Betensky R A, Lindsey J C, Ryan L M, Wand M P
Harvard School of Public Health, Boston, Massachusetts 02115, USA.
Biometrics. 1999 Mar;55(1):238-45. doi: 10.1111/j.0006-341x.1999.00238.x.
We propose a smooth hazard estimator for interval-censored survival data using the method of local likelihood. The model is fit using a local EM algorithm. The estimator is more descriptive than traditional empirical estimates in regions of concentrated information and takes on a parametric flavor in regions of sparse information. We derive two different standard error estimates for the smooth curve, one based on asymptotic theory and the other on the bootstrap. We illustrate the local EM method for times to breast cosmesis deterioration (Finkelstein, 1986, Biometrics 42, 845-854) and for times to HIV-1 infection for individuals with hemophilia (Kroner et al., 1994, Journal of AIDS 7, 279-286). Our hazard estimates for each of these data sets show interesting structures that would not be found using a standard parametric hazard model or empirical survivorship estimates.

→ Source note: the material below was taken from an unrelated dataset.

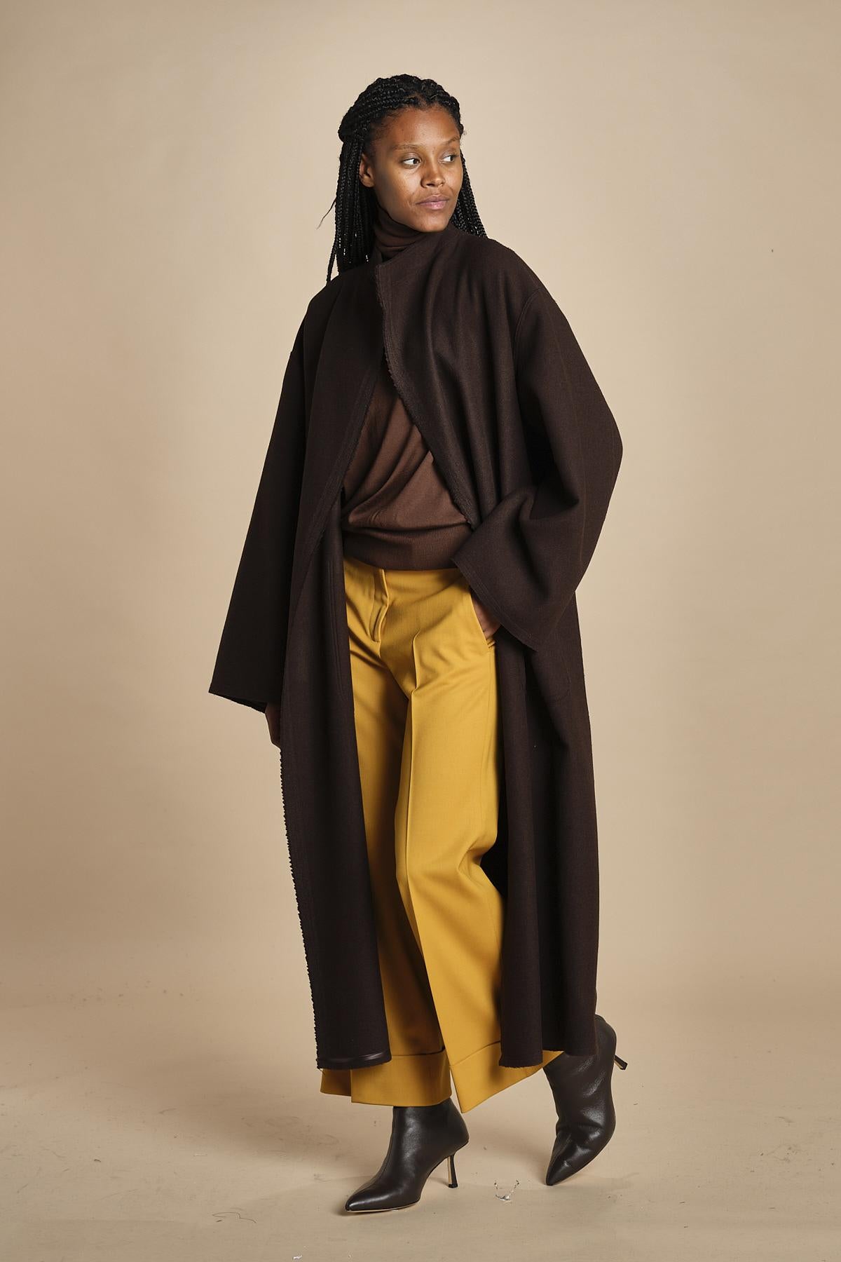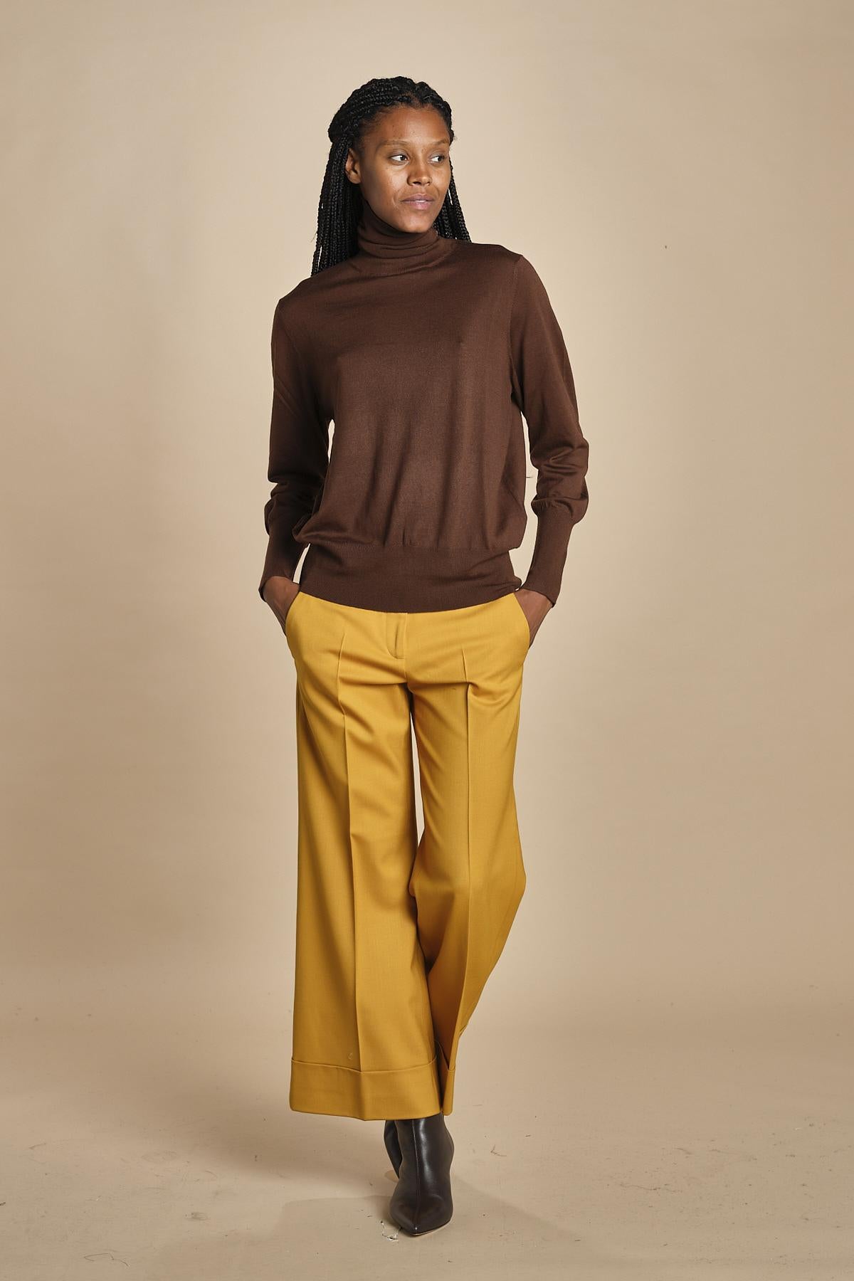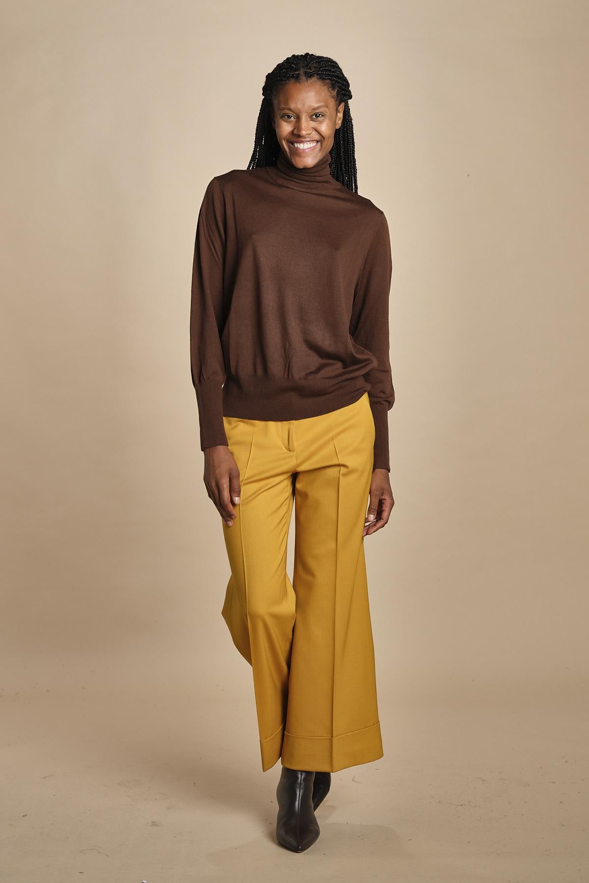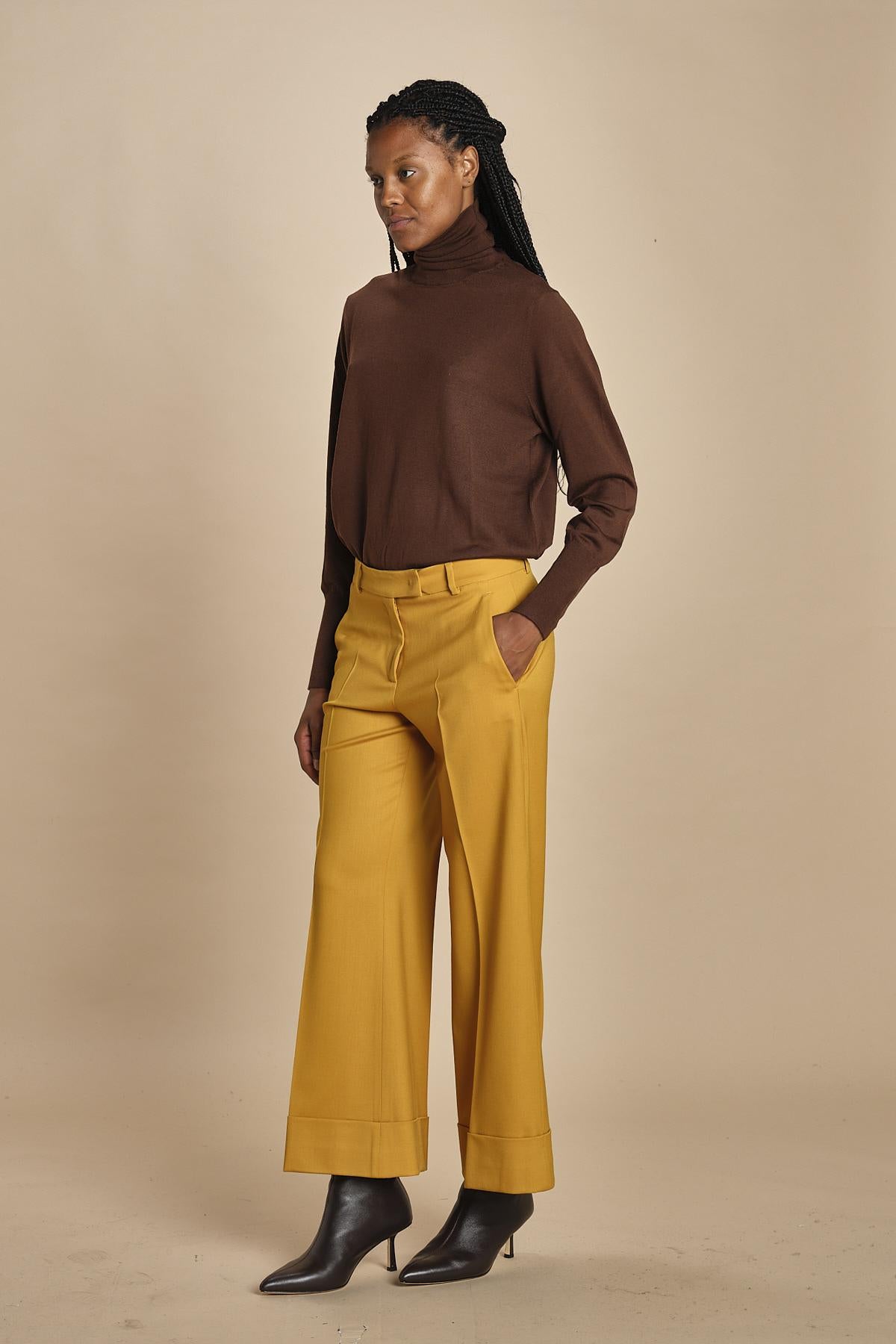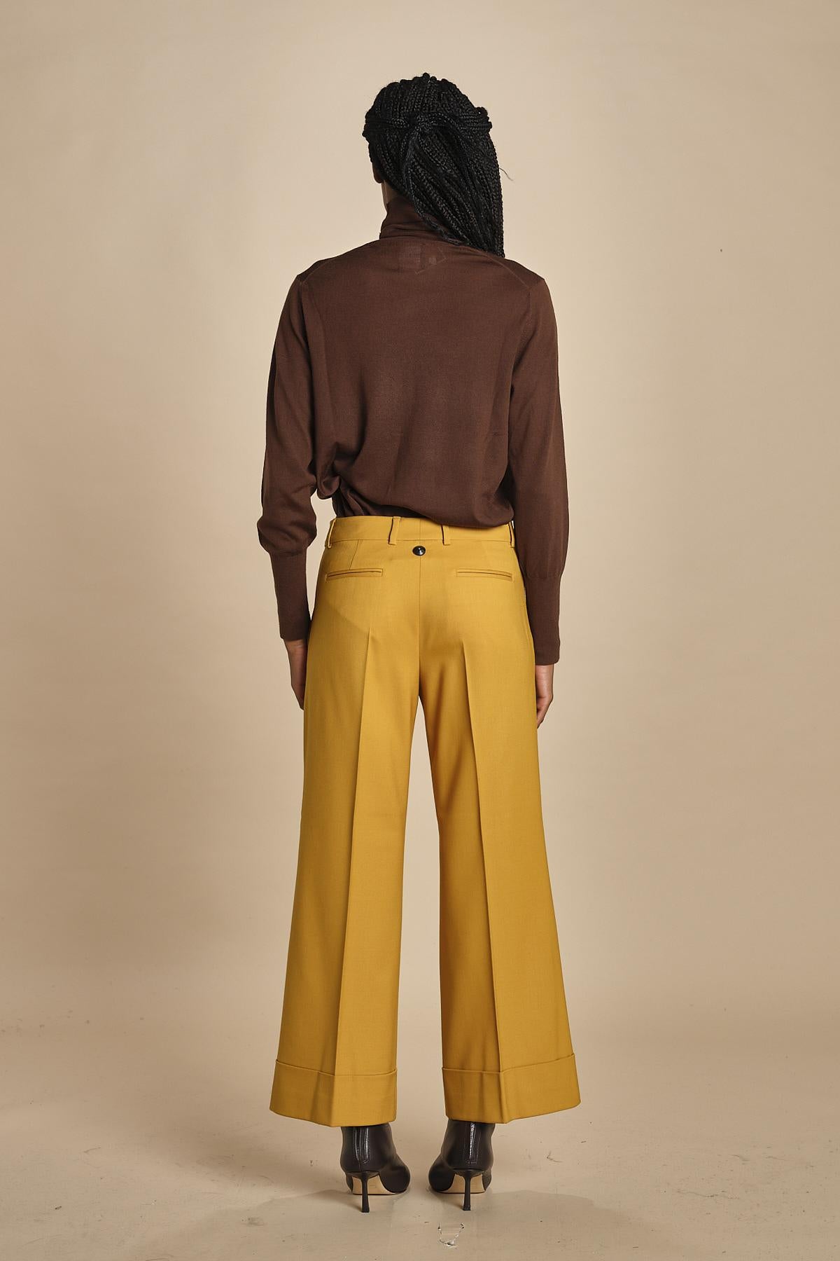 pantalone cropped con risvolto in gabardina by quelledue. La modella è alta 174 cm e indossa una taglia 40. Composizione: 97% lana vergine, 3% lycra.

我们提出了一种使用局部似然方法的区间删失生存数据平滑风险估计器。该模型使用局部期望最大化(EM)算法进行拟合。在信息集中的区域,该估计器比传统的经验估计更具描述性,而在信息稀疏的区域则具有参数化的特点。我们为平滑曲线推导了两种不同的标准误差估计,一种基于渐近理论,另一种基于自助法。我们展示了局部EM方法在乳房美容恶化时间方面的应用(芬克尔斯坦,1986年,《生物统计学》42卷,845 - 854页)以及在血友病患者HIV - 1感染时间方面的应用(克罗纳等人,1994年,《艾滋病杂志》7卷,279 - 286页)。我们对这些数据集中每个数据集的风险估计都显示出有趣的结构,而这些结构使用标准参数风险模型或经验生存估计是无法发现的。